:: DATA UNDER STUDY

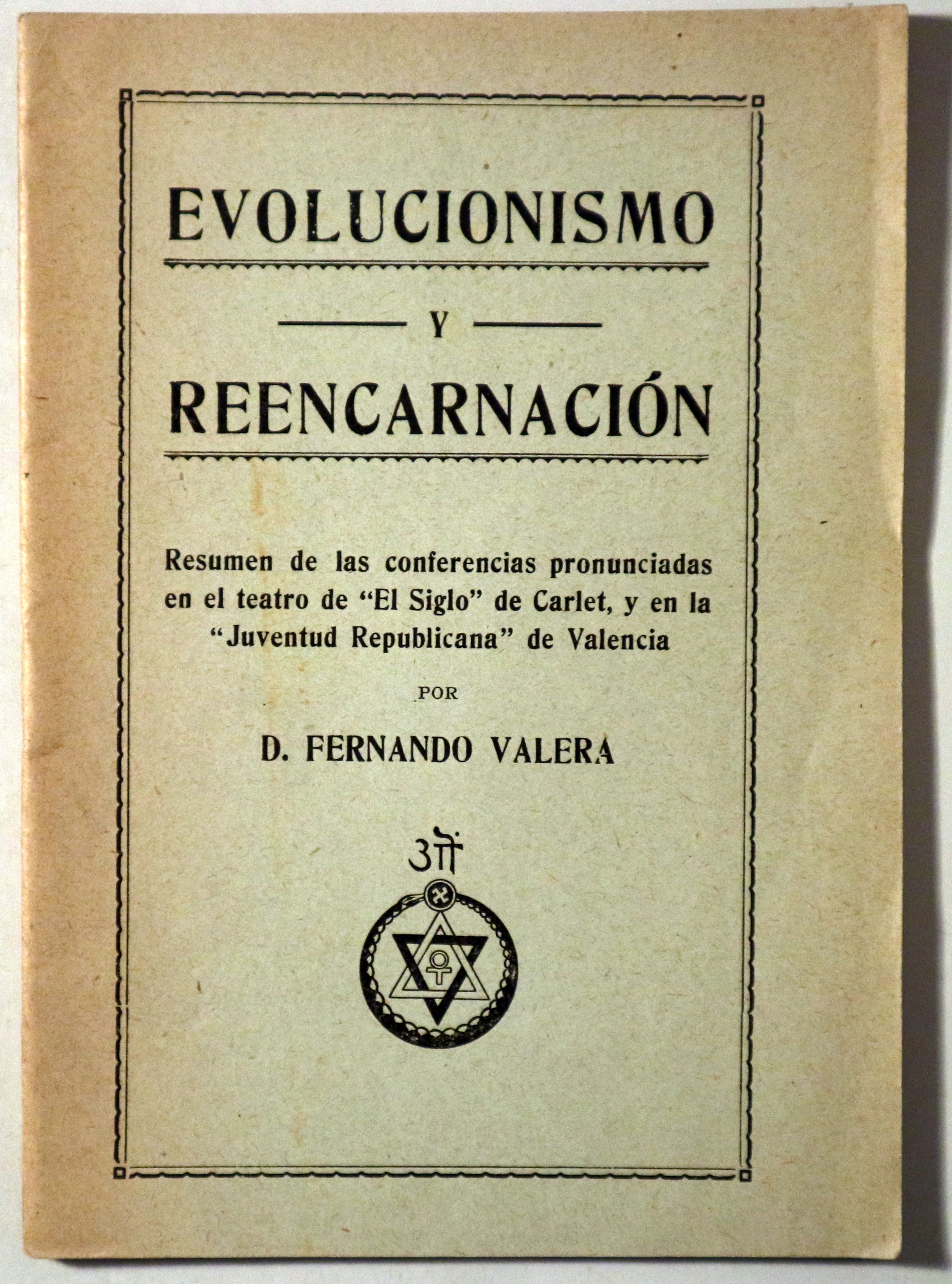Barcelona, Editorial Teosófica Maynadé - Biblioteca Orientalista, 1928. 27 p. 8º. Rústica editorial tipográfica. Algunas manchas de óxido. Un poco desgastado. Buen ejemplar. Resumen de las conferencias `ronunciadas en el teatro de El Siglo de Carlet, y en la Juventud Republicana de Valencia.
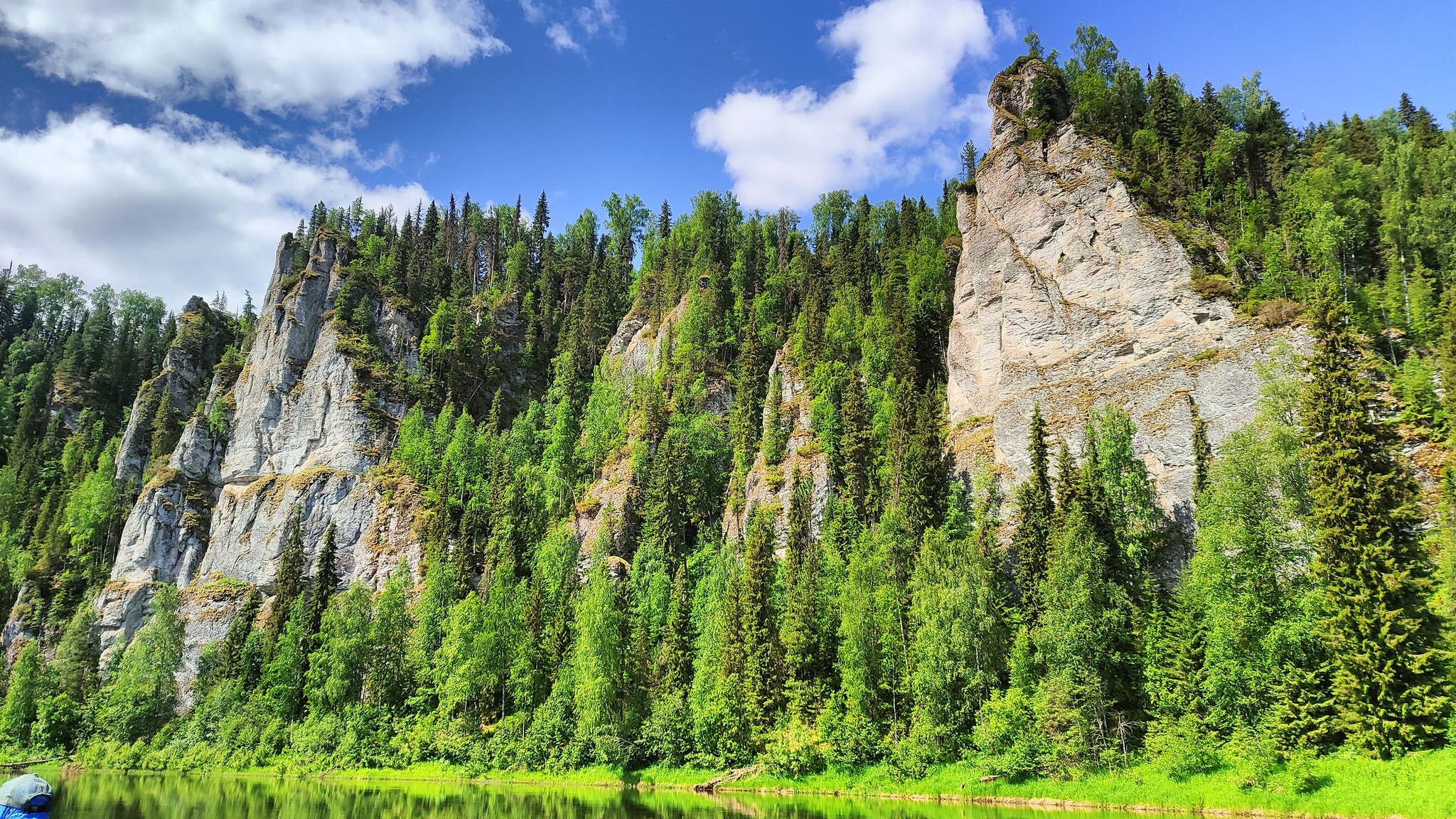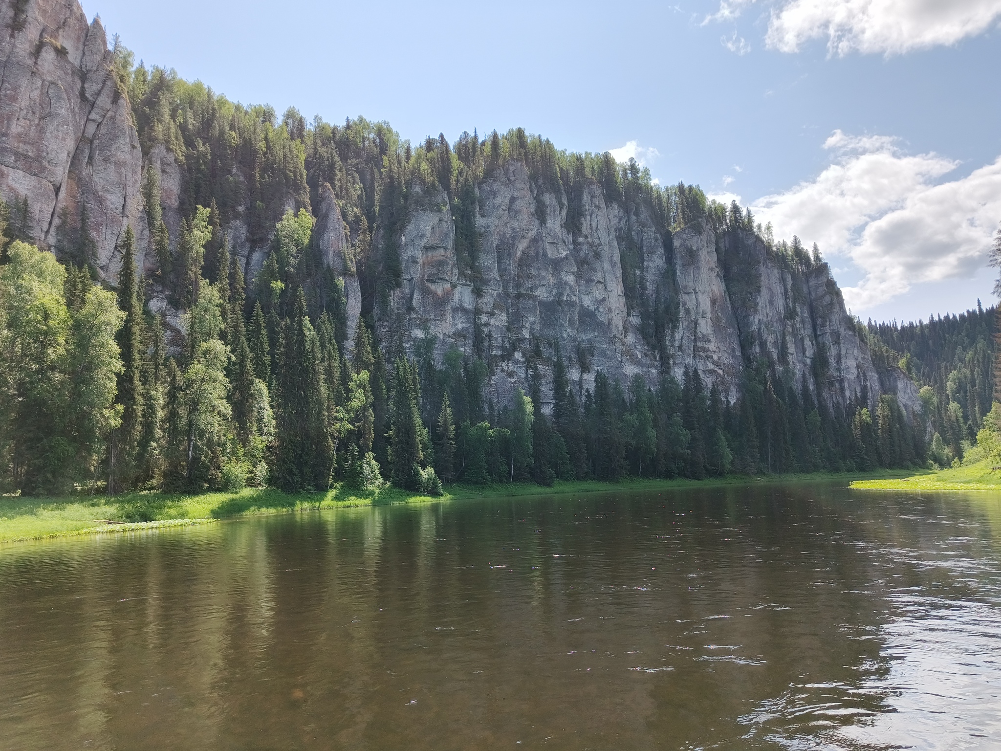 Заправив свои желудки едой, мы загрузили катамараны и отправились в дальнейшее путешествие. В этот раз мы умудрились выйти даже раньше 10 часов, так как путь нам предстоял не близкий. По плану мы должны были пройти 26 км. до поселка Валай. Река понемногу становилась медленнее, стали появляться плесы с не столь интенсивным течением, погодка разгулялась, и мы начали активно загорать. Рыба продолжала упорно молчать, так что оставалось только созерцать проплывающие мимо пейзажи. Попадалось много заросших лесом камней и островков.
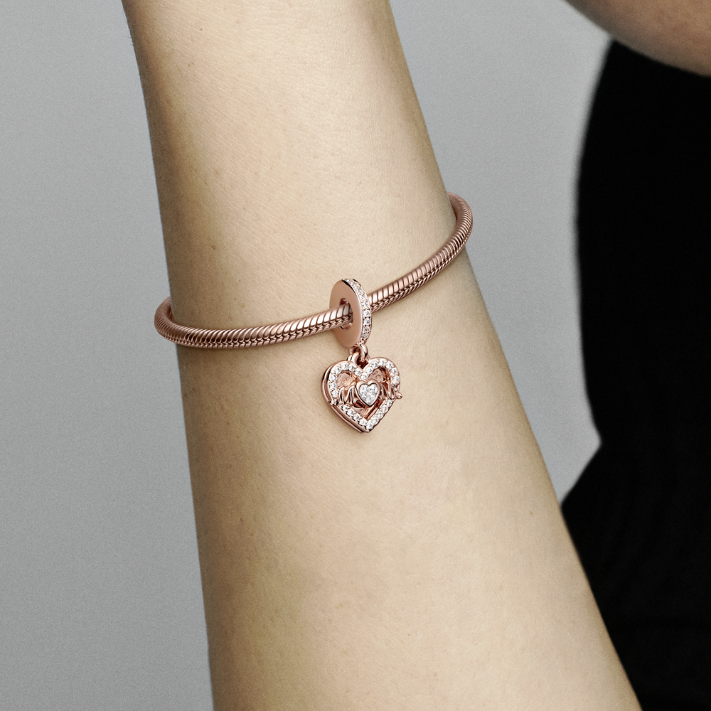 Celebrate the bond of love you share with the Heart & Mum Dangle Charm. This heart-shaped double dangle charm is finished in warm 14k rose gold plating with sparkling pavé on the bail and outlining the front dangle. The front dangle has the word "M♥M" in openwork script with a heart-shaped stone forming the central letter. The back dangle is engraved with the message "All of me loves all of you" in a repeated pattern. A heartfelt jewellery gift for the mother figure in your life.
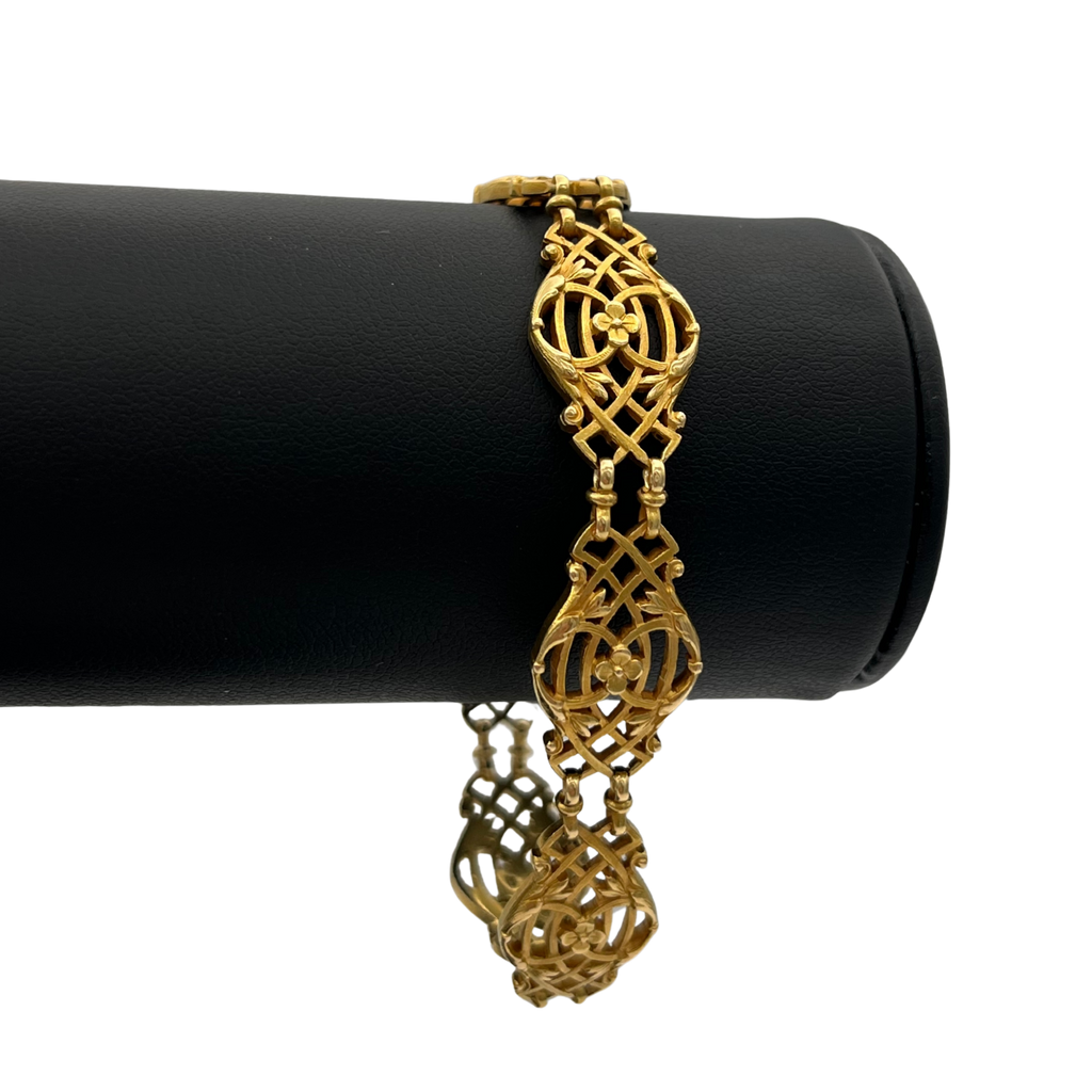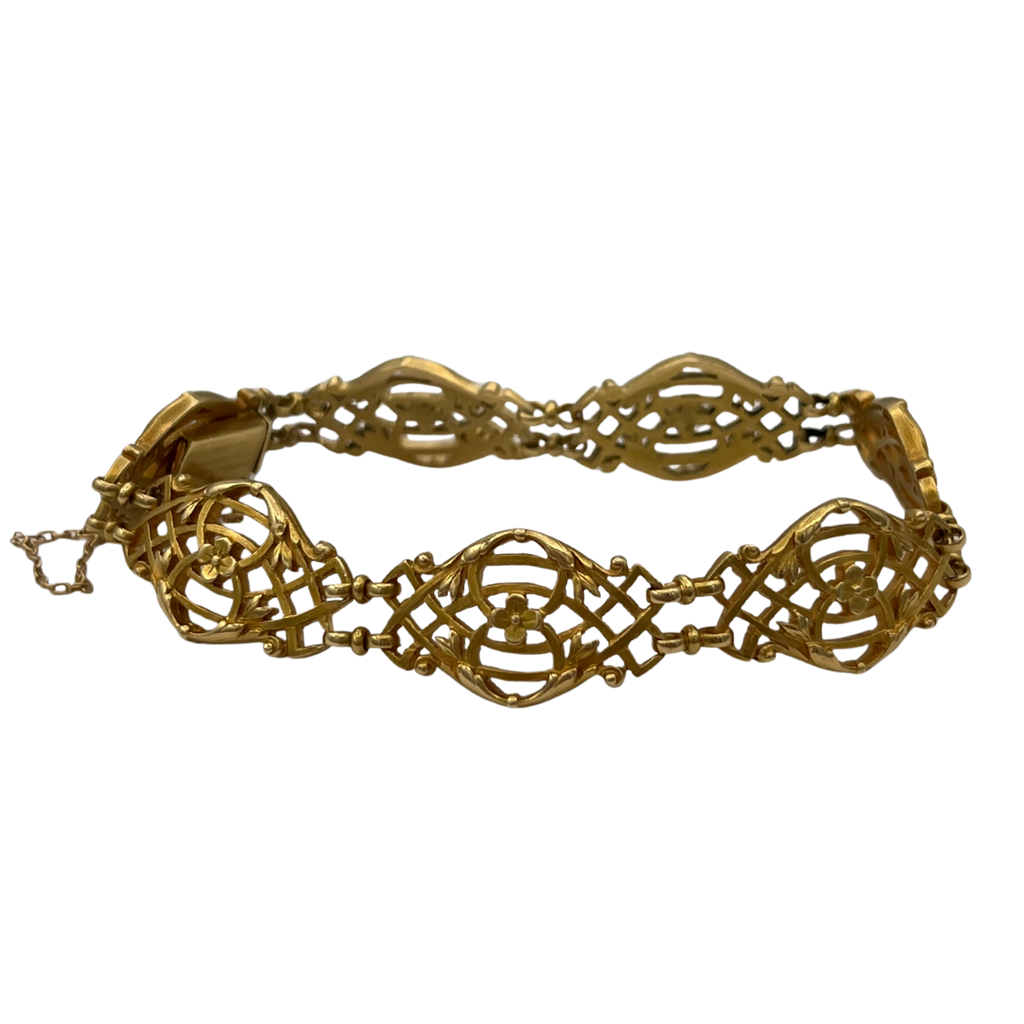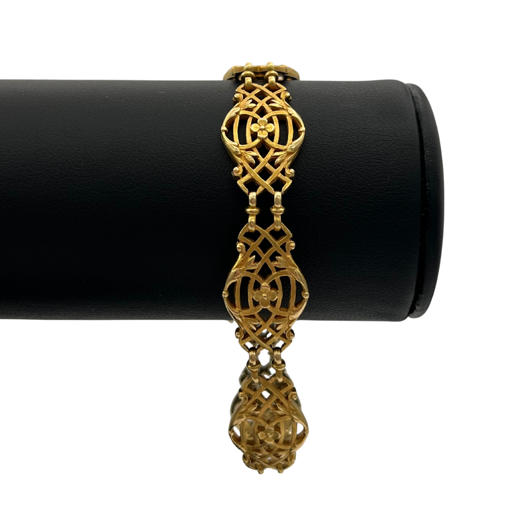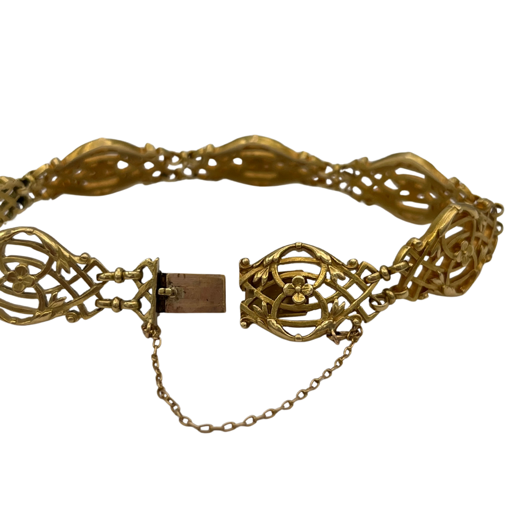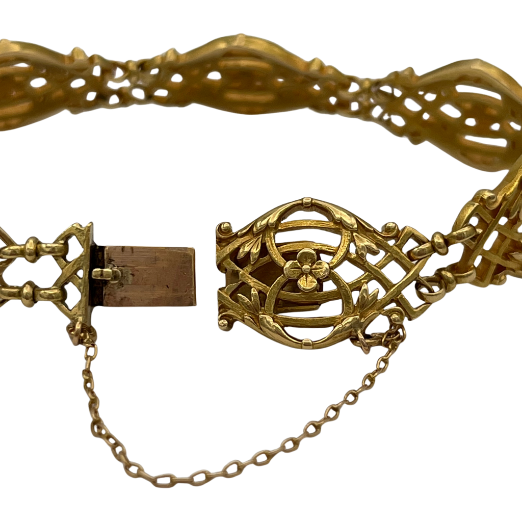 Lovely antique French Art Nouveau 18k yellow gold bracelet with a gorgeous patina that is only achievable with age. The continuous foliate and floral motif makes this stunning piece unmistakably Art Nouveau (1890-1910). The bracelet features a push clasp and safety chain.
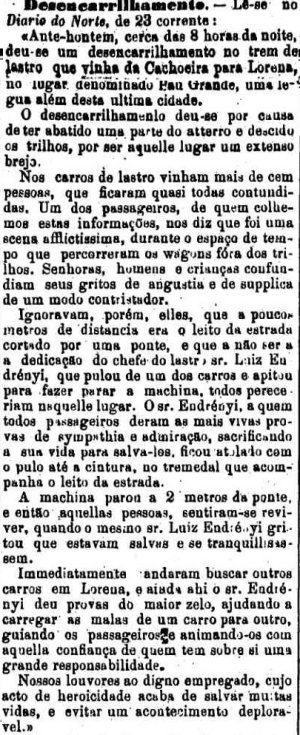 AO LADO: Outro acidente com o trem de lastro em Lorena e um herói que salvou vários da morte (A Provincia de S.
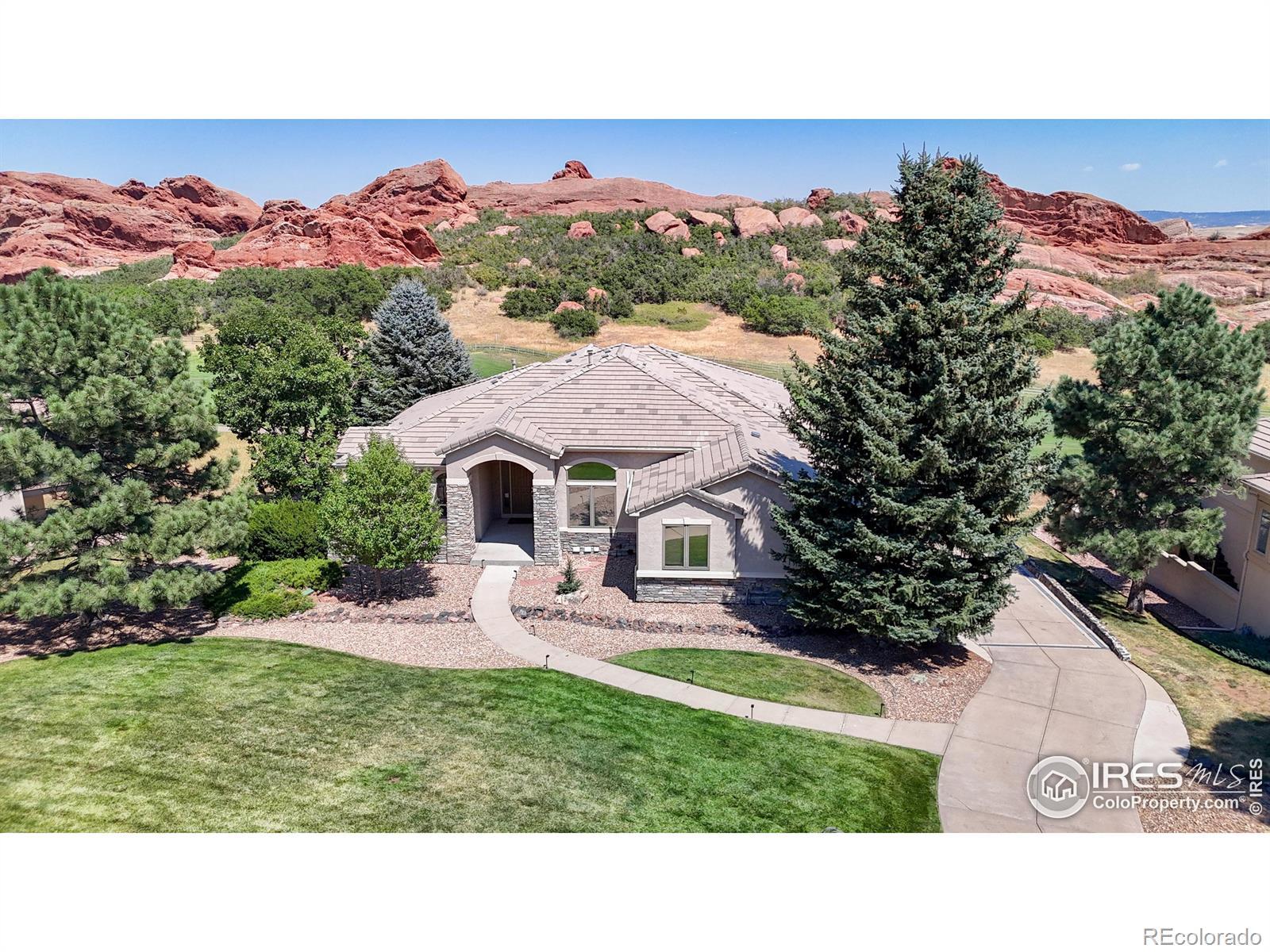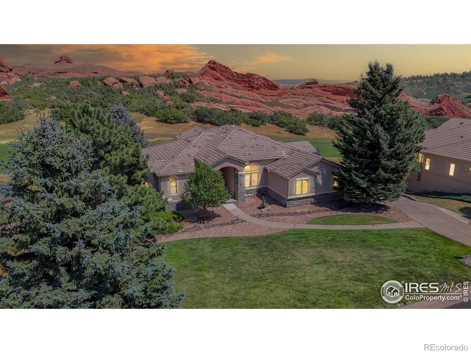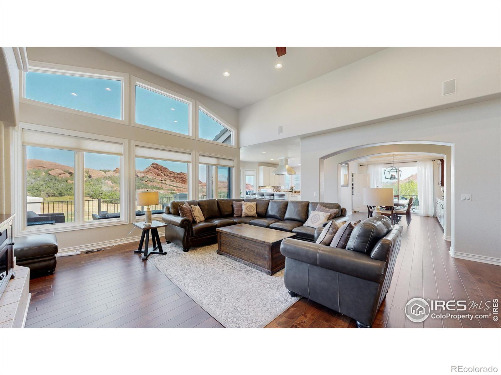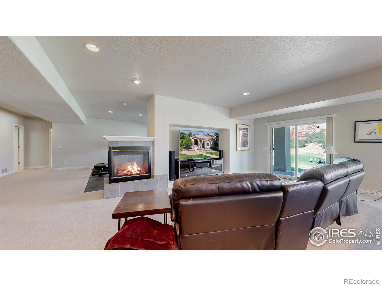 Located on the prestigious Arrowhead Golf Course, this stunning home offers breathtaking views! Step into the oversized great room featuring a cozy gas log fireplace, hand-scraped engineered hardwood floors, built-in shelving, and expansive windows that perfectly frame the scenic golf course and red rock vistas. The updated kitchen is a chef's dream, equipped with premium Thermador appliances, slab granite countertops, and a tile backsplash. Just off the kitchen, a new expanded composite deck-positioned on the east side of the home-offers a peaceful evening retreat overlooking the fairway. Entertain in style in the formal dining room, which includes a built-in sideboard with a slab granite top and elegant glass-front cabinetry. The study is outfitted with custom built-in bookshelves and large windows that fill the space with natural light. The expansive primary suite is a true sanctuary, showcasing stunning views, gas fireplace, dual walk-in closets, and a newly remodeled spa-like bathroom complete with a freestanding tub, frameless glass shower, and a heated towel bar. A newly updated guest bathroom with a quartz-topped vanity serves the main floor, along with a secondary bedroom located on the opposite side of the home-perfect for privacy-featuring its own brand-new 3/4 bath. The spacious main floor laundry room includes built-in cabinetry, a utility sink, and washer/dryer. Downstairs, the walkout level is designed for entertaining. The family/recreation room features a fully equipped wet bar with a large wine refrigerator, granite countertops, tile backsplash, and even includes the pool table and theater seating! A secondary bedroom on this level offers a great option for a home office, while a large workout/flex space provides endless possibilities. Two additional bedrooms share a beautifully remodeled full bath. There is a flagstone patio with a dry under system for those rainy days. The oversized 3-car garage provides ample space for vehicles, gear, and toys.

::::

• _PROBLEM DESCRIPTION_: Please reproduce the listing exactly, leaving out any pictures.

• _EXERCISE OUTPUT_:
Barcelona, Editorial Teosófica Maynadé - Biblioteca Orientalista, 1928. 27 p. 8º. Rústica editorial tipográfica. Algunas manchas de óxido. Un poco desgastado. Buen ejemplar. Resumen de las conferencias `ronunciadas en el teatro de El Siglo de Carlet, y en la Juventud Republicana de Valencia.
 Заправив свои желудки едой, мы загрузили катамараны и отправились в дальнейшее путешествие. В этот раз мы умудрились выйти даже раньше 10 часов, так как путь нам предстоял не близкий. По плану мы должны были пройти 26 км. до поселка Валай. Река понемногу становилась медленнее, стали появляться плесы с не столь интенсивным течением, погодка разгулялась, и мы начали активно загорать. Рыба продолжала упорно молчать, так что оставалось только созерцать проплывающие мимо пейзажи. Попадалось много заросших лесом камней и островков.
 Celebrate the bond of love you share with the Heart & Mum Dangle Charm. This heart-shaped double dangle charm is finished in warm 14k rose gold plating with sparkling pavé on the bail and outlining the front dangle. The front dangle has the word "M♥M" in openwork script with a heart-shaped stone forming the central letter. The back dangle is engraved with the message "All of me loves all of you" in a repeated pattern. A heartfelt jewellery gift for the mother figure in your life.
 Lovely antique French Art Nouveau 18k yellow gold bracelet with a gorgeous patina that is only achievable with age. The continuous foliate and floral motif makes this stunning piece unmistakably Art Nouveau (1890-1910). The bracelet features a push clasp and safety chain.
 AO LADO: Outro acidente com o trem de lastro em Lorena e um herói que salvou vários da morte (A Provincia de S.
 Located on the prestigious Arrowhead Golf Course, this stunning home offers breathtaking views! Step into the oversized great room featuring a cozy gas log fireplace, hand-scraped engineered hardwood floors, built-in shelving, and expansive windows that perfectly frame the scenic golf course and red rock vistas. The updated kitchen is a chef's dream, equipped with premium Thermador appliances, slab granite countertops, and a tile backsplash. Just off the kitchen, a new expanded composite deck-positioned on the east side of the home-offers a peaceful evening retreat overlooking the fairway. Entertain in style in the formal dining room, which includes a built-in sideboard with a slab granite top and elegant glass-front cabinetry. The study is outfitted with custom built-in bookshelves and large windows that fill the space with natural light. The expansive primary suite is a true sanctuary, showcasing stunning views, gas fireplace, dual walk-in closets, and a newly remodeled spa-like bathroom complete with a freestanding tub, frameless glass shower, and a heated towel bar. A newly updated guest bathroom with a quartz-topped vanity serves the main floor, along with a secondary bedroom located on the opposite side of the home-perfect for privacy-featuring its own brand-new 3/4 bath. The spacious main floor laundry room includes built-in cabinetry, a utility sink, and washer/dryer. Downstairs, the walkout level is designed for entertaining. The family/recreation room features a fully equipped wet bar with a large wine refrigerator, granite countertops, tile backsplash, and even includes the pool table and theater seating! A secondary bedroom on this level offers a great option for a home office, while a large workout/flex space provides endless possibilities. Two additional bedrooms share a beautifully remodeled full bath. There is a flagstone patio with a dry under system for those rainy days. The oversized 3-car garage provides ample space for vehicles, gear, and toys.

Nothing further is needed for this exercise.